Mądrość nie jest tożsama z wykształceniem. Tzw. mądrość ludowa, przekazywana z pokolenia na pokolenie, bywa zaskakująco nowoczesna w swym opisie świata. Podobnie jest z wiedzą ludu polskiego na temat natury duszy i tego, co dzieje się z nami po śmierci. Co ciekawe, nie idzie ona w parze z wizją religijną, wspominając o idei doskonalenia oraz wędrówki dusz. Ta nieco zapomniana część tradycji warta jest utrwalenia
Z tematyką nieznanoświatową zetknąłem się, jakkolwiek zabrzmi to trochę dziwnie, będąc jeszcze dzieckiem. Ale po kolei!
Urodziłem się i mieszkam już od ponad 70 lat w Białowieży. Nie powiem, że jest to zagubiona w Puszczy Białowieskiej wieś, bo zarówno dawniej, jak i obecnie można tutaj często ujrzeć osoby z pierwszych stron gazet. Niemniej jednak to wieś, z wszelkimi przynależnymi jej osobliwościami.
Moje dzieciństwo przypadło na lata 50. XX wieku. Był to okres, kiedy na wsi informacje przekazywano sobie zazwyczaj z ust do ust. W chłopskiej chacie gazeta czy książka gościły rzadko, radioodbiorniki też. Działała wprawdzie radiofonia przewodowa, ale z tzw. toczek leciała tylko propaganda, którą puszczano mimo uszu. O telewizji wówczas nawet się nie słyszało.
Kobiety w zimowe wieczory zbierały się po dwie-trzy w kuchni którejś z chat i przędły len na kołowrotkach. Energia elektryczna w tamtym czasie była rarytasem. Wyłączano ją nagminnie, szczególnie na wsiach (o ile w ogóle wieś została zelektryfikowana! Białowieża akurat tak). Toteż korzystano powszechnie z lamp naftowych. Wisiały one na ścianie. Światło padające na kądzielnice kilku ustawionych obok siebie kołowrotków, rzucało dziwne, długie cienie.
Atmosfera była tajemnicza, jakby nie z tego świata.
Zmuszała wprost do snucia fantastycznych opowieści. Towarzyszące kobietom dzieci, niby zajęte zabawą, nadstawiały uszu chłonąc wszystko, co usłyszały.
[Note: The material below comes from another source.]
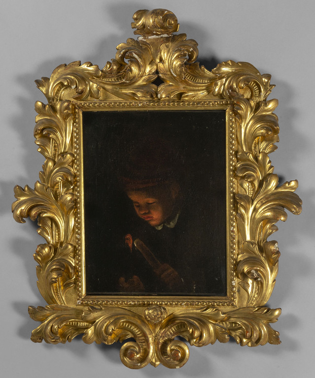 Scuola lombarda sec.XVII 'A lume di candela' olio cornice barocca coeva ridorata

Po przeglądzie zwykłych wieści – kto, gdzie i kiedy, prządki zaczynały opowiadać o różnych dziwnych przypadkach, o których zasłyszały od innych osób, bądź same ich doświadczyły. Nie były to opowiadania zmyślone, bo padały nazwiska mieszkańców Białowieży lub okolicznych wsi, mówiono też o konkretnych miejscach, podawano dokładny czas niecodziennego wydarzenia. Niestety, w moim wieku trudno już przypomnieć sobie szczegóły tych opowieści. Należało je spisać zaraz po usłyszeniu, ale zrobić tego, mając zaledwie kilka lat, oczywiście nie mogłem. A i odtworzyć na podstawie wywiadów z opowiadającymi je paniami też już się nie da, bo wszystkie od dawna nie żyją.